В кругу придворных дам блистала Эмилия Пиа, жена незаконного сына герцога Федериго, Антонио Монтефельтро, умершего в 1500 г., одна из самых образованных женщин своего времени, изящная, красивая, самая верная, самая преданная подруга Елизаветы. Синьора Эмилия не только была лучшей жемчужиной урбинского двора. Среди женщин позднего Возрождения немного таких, кто так серьезно был бы проникнут основным идейным устремлением времени — свободой мысли. Она обладала большим скептическим умом. Ее живой характер и язвительное остроумие не оставляли в покое ничего. Она была неверующей, и не только неверующей, — показной атеизм был вещью в то время обыкновенной, — но имела мужество умереть без исповеди. Ее поклонники недаром в шутку звали ее Emilia Impia[11]. Елизавета платила за ее привязанность нежной любовью, и Эмилия была ей как сестра. Ее медаль дает ей эпитет castissima, что, быть может, делало ее еще более дорогой для герцогини. Другие придворные дамы: Маргарита и Ипполита Гонзага, родственницы Елизаветы, Констанца Фрегозо, сестра Оттавиано и Федериго, мадонна Рафаэля — не были фигурами такими яркими, как Эмилия.
Двор по необходимости группировался вокруг герцогини и ее дам. Картинка, набросанная в приведенном выше сонете Д’Аннунцио, не совсем отвечает действительности. Tener corte приходилось не Гвидубальдо, а его супруге. Герцога так изнуряла его болезнь, что почти сейчас же после обеда он удалялся к себе отдохнуть, и придворные кавалеры понемногу собирались там, где была герцогиня, а с нею неразлучная Эмилия. Там начинались разговоры, изобретались комнатные забавы, выдумывались пикники, поездки, экскурсии. Каждый старался показать себя во всем блеске, а синьора Эмилия, как говорит Кастильоне, pareva la maestra di tutti (казалось, поучала всех. —
Жизнь была полна веселья. Хотя недаром в самый разгар придворного веселья не разглаживались складки заботы на прекрасном челе герцогини. И она, и Гвидубальдо, и всякий вообще чуткий человек понимали, какое то было горькое веселье. Ибо веселиться можно было, только закрыв глаза. Люди должны были искусственно отгораживаться от всего, что вселяло тревогу. Как будто этим могли быть устранены причины тревоги.
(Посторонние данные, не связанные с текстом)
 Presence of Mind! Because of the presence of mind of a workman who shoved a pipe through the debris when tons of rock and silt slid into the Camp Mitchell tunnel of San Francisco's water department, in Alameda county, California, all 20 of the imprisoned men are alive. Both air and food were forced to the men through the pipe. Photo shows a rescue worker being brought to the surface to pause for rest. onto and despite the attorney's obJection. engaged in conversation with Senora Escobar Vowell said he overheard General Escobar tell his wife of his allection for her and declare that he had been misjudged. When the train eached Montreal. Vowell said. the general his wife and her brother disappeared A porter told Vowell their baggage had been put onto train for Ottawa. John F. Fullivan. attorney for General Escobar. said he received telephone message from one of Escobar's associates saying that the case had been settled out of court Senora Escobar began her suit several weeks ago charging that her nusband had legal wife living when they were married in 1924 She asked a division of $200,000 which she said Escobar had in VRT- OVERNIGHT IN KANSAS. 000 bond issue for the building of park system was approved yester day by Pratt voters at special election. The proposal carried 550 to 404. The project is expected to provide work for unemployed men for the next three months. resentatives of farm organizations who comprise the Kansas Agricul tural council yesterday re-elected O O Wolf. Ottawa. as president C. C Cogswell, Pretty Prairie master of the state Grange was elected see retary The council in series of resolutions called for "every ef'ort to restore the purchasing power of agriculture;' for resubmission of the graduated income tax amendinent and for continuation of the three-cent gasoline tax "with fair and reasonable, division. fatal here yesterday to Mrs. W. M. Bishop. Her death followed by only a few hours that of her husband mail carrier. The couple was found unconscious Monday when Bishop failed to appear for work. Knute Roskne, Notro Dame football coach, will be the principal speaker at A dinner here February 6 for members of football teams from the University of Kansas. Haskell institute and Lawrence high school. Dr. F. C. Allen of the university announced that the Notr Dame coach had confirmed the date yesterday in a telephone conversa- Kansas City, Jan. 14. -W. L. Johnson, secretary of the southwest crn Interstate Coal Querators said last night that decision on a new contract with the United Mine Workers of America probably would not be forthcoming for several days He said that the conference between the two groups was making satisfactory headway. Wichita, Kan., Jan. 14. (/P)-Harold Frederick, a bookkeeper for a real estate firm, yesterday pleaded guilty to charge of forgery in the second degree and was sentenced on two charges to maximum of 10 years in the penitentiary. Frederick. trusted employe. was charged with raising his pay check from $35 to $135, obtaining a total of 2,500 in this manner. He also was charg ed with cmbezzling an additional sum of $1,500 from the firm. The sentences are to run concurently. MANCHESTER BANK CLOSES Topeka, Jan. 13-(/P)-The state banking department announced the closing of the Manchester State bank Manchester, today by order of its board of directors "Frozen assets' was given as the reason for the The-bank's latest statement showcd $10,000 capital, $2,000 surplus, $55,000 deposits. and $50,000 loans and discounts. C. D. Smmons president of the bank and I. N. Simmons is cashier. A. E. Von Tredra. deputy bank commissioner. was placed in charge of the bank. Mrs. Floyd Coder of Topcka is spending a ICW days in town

Над Италией сгущались тучи. То утихая, то усиливаясь, но уже не прекращаясь, ревела буря. Почти непрерывно где-нибудь на севере, на юге звенело оружие и лилась итальянская кровь.
Неотвратимо и неуклонно развертывался свиток великой социальной и политической трагедии итальянской земли. Народ в деревне и городе погибал от меча, от голода, от болезней. Бытие любого из итальянских государств было поставлено на карту. Макиавелли во Флоренции исчерпывал все ресурсы своего гения, чтобы найти средство против национальной беды своей родины. Микеланджело оплакивал судьбу Италии в потрясающих образах Сикстинского плафона.
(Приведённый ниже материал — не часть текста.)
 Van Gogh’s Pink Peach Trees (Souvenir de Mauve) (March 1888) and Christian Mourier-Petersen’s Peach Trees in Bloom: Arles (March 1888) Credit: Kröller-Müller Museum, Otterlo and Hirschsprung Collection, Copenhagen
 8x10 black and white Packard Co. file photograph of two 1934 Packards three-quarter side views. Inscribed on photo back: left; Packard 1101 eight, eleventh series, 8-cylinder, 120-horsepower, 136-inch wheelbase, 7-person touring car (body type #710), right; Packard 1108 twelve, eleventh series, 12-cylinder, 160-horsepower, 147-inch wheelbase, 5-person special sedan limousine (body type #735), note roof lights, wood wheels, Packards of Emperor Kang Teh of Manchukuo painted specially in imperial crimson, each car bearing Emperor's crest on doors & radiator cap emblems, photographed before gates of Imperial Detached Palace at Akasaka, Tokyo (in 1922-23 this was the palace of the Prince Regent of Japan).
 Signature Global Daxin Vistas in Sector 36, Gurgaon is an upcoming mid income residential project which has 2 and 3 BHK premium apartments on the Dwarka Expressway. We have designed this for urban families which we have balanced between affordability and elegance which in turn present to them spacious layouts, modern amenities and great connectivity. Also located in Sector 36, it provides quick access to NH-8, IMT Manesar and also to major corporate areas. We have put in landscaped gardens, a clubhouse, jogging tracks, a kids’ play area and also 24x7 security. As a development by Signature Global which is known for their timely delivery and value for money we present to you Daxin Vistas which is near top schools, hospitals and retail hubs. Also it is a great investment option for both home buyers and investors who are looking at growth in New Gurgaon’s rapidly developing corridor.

В Урбино, при дворе, предпочитали об этих вещах забывать. Будущее надвигалось мрачное, но текущий миг был прекрасен. Окружающие Урбино холмы мягко рисовались своими линиями на чистом вечернем небе. Дворец Лаураны стоял незыблемо и гостеприимно открывал свои просторные покои гостям Елизаветы. Казна герцогская была богата, а папа Юлий был герцогу другом. Пока все это было так, нужно было наслаждаться и не думать о завтрашнем дне. Воскресало, словом, настроение карнавальных песен Лоренцо Медичи, в которых буйный задор так жутко и красиво был пропитан злыми предчувствиями.
Di doman non c’é certezza...[12]
Только теперь задору было меньше, а злых предчувствий больше. И само настроение сейчас оправдывалось еще больше, чем в дни Великолепного. Но чем безрадостнее было кругом, тем мучительнее хотелось жить и веселиться в Урбино.
Старая придворная аристократия справляла по себе тризну. И справляла, нужно признать, на славу, при деятельном участии представителей интеллигенции.
Празднества устраивались по всякому поводу. Герцогиня не жалела на них расходов, а поэты щеголяли друг перед другом остроумной выдумкой и талантом. То Кастильоне и Чезаре Гонзага сочиняли в честь Елизаветы звучные стихи, которые декламировали всенародно, то Бембо и Оттавиано Фрегозо наряжались в фантастические костюмы посланцев Венеры и приходили от имени богини жаловаться — тоже в стихах — насчет того, что у владетельниц здешних мест сердца из стали и адаманта, непроницаемые для стрел Купидона, умоляли герцогиню и ее подругу, crudel e pia, смягчиться и не отвергать более утех любви. То затевали "сиенскую игру", giuoco senese, которая заключалась в том, что сосед соседке должен был шепотом сказать фразу, а та немедленно ответить громко. Бембо, который в своих ухаживаниях проявлял настойчивость, достойную будущего кардинала, пробовал хоть этим способом проложить дорогу к сердцу Елизаветы. Он шепнул ей однажды, будучи ее соседом: "Io ardo" — "я горю", но немедленно получил ответ: "Kon io". И очень огорчился — ненадолго. То общими силами сооружали балет, где отличались дамы и Роберто да Бари, самый изящный и ловкий танцор компании, который отдавался танцам с таким увлечением, что часто не замечал, что потерял туфлю и короткий плащ. Веселее всего справляли, конечно, карнавал. Устраивали какое-нибудь представление, потом в масках разбредались по городу. А юный Prefettino[13], наследник престола, Франческо Мария делла Ровере, упрашивал Кастильоне и Гонзага, неразлучных и в своих ночных странствованиях, взять его с собой.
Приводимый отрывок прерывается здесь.